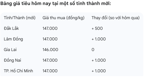 Cụ thể, tại khu vực Tây Nguyên, giá tiêu tại tỉnh Đắk Lắk (mới, sau sáp nhập với Phú Yên) được thu mua ở mức 147.000 đồng/kg, tăng 500 đồng. Tại tỉnh Lâm Đồng (mới, bao gồm cả Đắk Nông và Bình Thuận), nơi có diện tích trồng tiêu đáng kể từ tỉnh Đắk Nông cũ, giá cũng đạt mức cao 147.000 đồng/kg, tăng 1.000 đồng. Trong khi đó, tại tỉnh Gia Lai (mới, sáp nhập với Bình Định), giá tiêu giữ nguyên ở mức 146.000 đồng/kg.
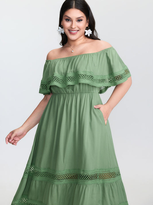 Off-Shoulder Stretchy Waist Lace Trim Maxi Dress
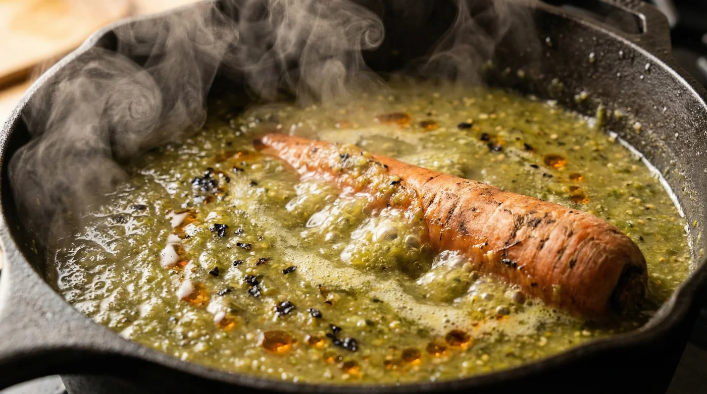 Si amas el golpe directo del serrano o el jalapeño, este método protege la identidad de tus chiles. El vegetal naranja suaviza el entorno del caldo, permitiendo que el calor del chile brille sin que el ácido crudo te cause agruras horas más tarde. Es una intervención que respeta el picor intacto.
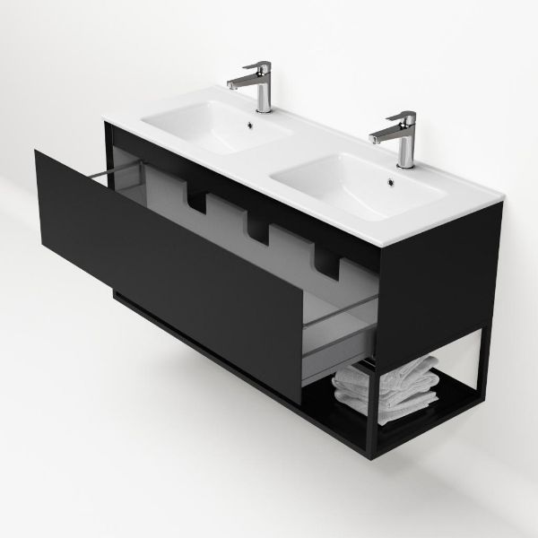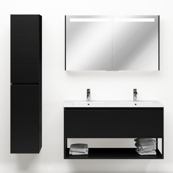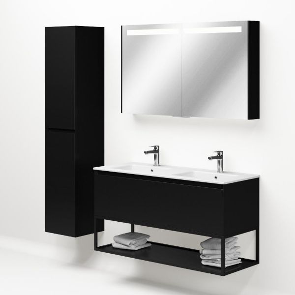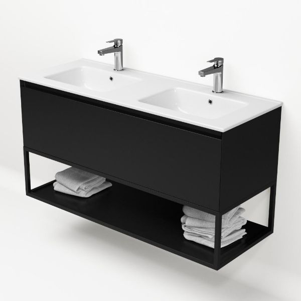| | Bellanti Solo/Tela/Etna badmeubel 120x46 1 softclose lade zwart mat greeploos keramische wastafel dubbel wit met 2 kraangaten met mat zwart metalen frame |

────────────────────

What the task requires:
Everything in the material above must be repeated exactly, apart from its pictures.

Written answer:
 Cụ thể, tại khu vực Tây Nguyên, giá tiêu tại tỉnh Đắk Lắk (mới, sau sáp nhập với Phú Yên) được thu mua ở mức 147.000 đồng/kg, tăng 500 đồng. Tại tỉnh Lâm Đồng (mới, bao gồm cả Đắk Nông và Bình Thuận), nơi có diện tích trồng tiêu đáng kể từ tỉnh Đắk Nông cũ, giá cũng đạt mức cao 147.000 đồng/kg, tăng 1.000 đồng. Trong khi đó, tại tỉnh Gia Lai (mới, sáp nhập với Bình Định), giá tiêu giữ nguyên ở mức 146.000 đồng/kg.
 Off-Shoulder Stretchy Waist Lace Trim Maxi Dress
 Si amas el golpe directo del serrano o el jalapeño, este método protege la identidad de tus chiles. El vegetal naranja suaviza el entorno del caldo, permitiendo que el calor del chile brille sin que el ácido crudo te cause agruras horas más tarde. Es una intervención que respeta el picor intacto.
| | Bellanti Solo/Tela/Etna badmeubel 120x46 1 softclose lade zwart mat greeploos keramische wastafel dubbel wit met 2 kraangaten met mat zwart metalen frame |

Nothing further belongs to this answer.